Selective hydrodechlorination (HDC) of trichloromethane (TCM, CHCl₃) to dichloromethane (DCM, CH₂Cl₂) was studied on the mesoporous bimetallic Pt-Pd/KIT-6 to verify the roles of the active bimetals to catalytic activity and product distribution. The optimal bimetal ratio of 2 wt%Pt-0.05 wt%Pd on the highly ordered mesoporous KIT-6 calcined at 400 °C showed a maximum TCM conversion with DCM yield, and the optimal calcination temperature of Pt-Pd/KIT-6 was mainly responsible for the formation of homogeneously and closely distributed smaller Pt-Pd nanoparticles with higher oxidation states of Pt crystallites supported by XPS and EXAFS analysis.
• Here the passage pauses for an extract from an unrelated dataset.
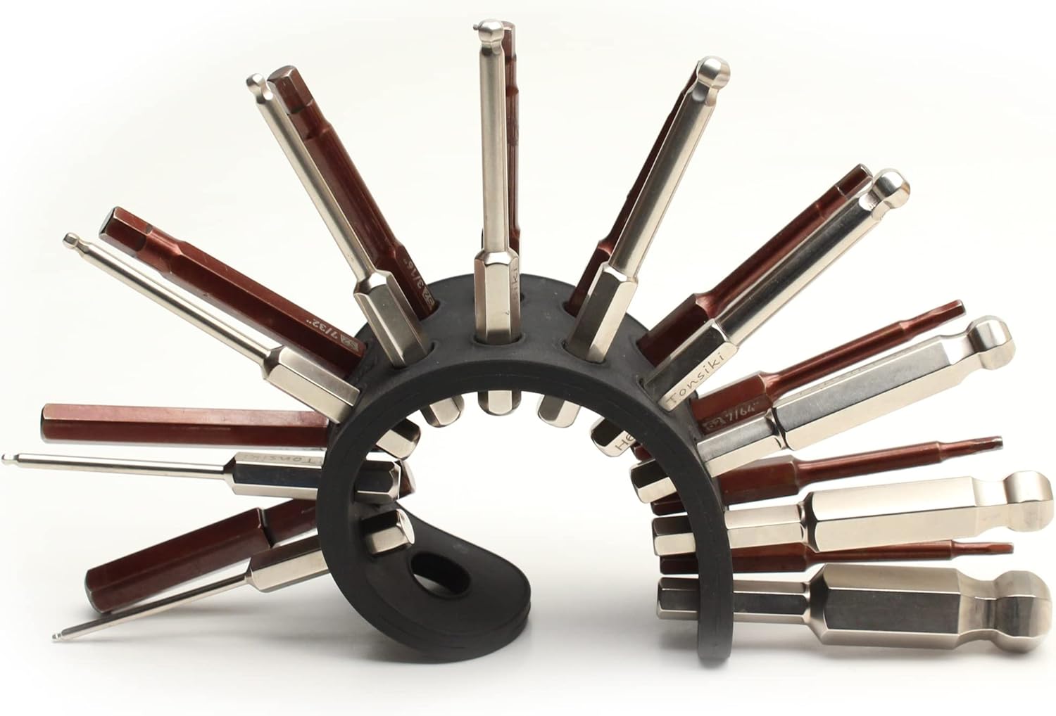 The 20 storage holes are specially designed to fit the standard annular groove found on 1/4-inch hex bits.

Based on the proposed kinetic models on the optimal Pt-Pd/KIT-6, the competitive reaction mechanisms of the formations of CH₄ and monochloromethane (MCM, CH₃Cl) from DCM intermediate can well explain the product distributions. Using the seven different kinetic models, the best model on the basis of the Akaike's Information Criteria showed the activation energies of the HDC of TCM to be in the range of 18–60 kJ/mol. The kinetic model also revealed the inverse relationship between the conversion of TCM and selectivity to DCM. Either an increase of space velocity or decrease of H₂/TCM ratio increased the DCM yield, while there existed the optimal operating conditions. The DCM productivity of 1.5 mol-DCM/(g_cat·h) was achievable at the highest space velocity and lowest H₂/TCM ratio under a specific reaction condition of 190 °C and 0.1 MPa.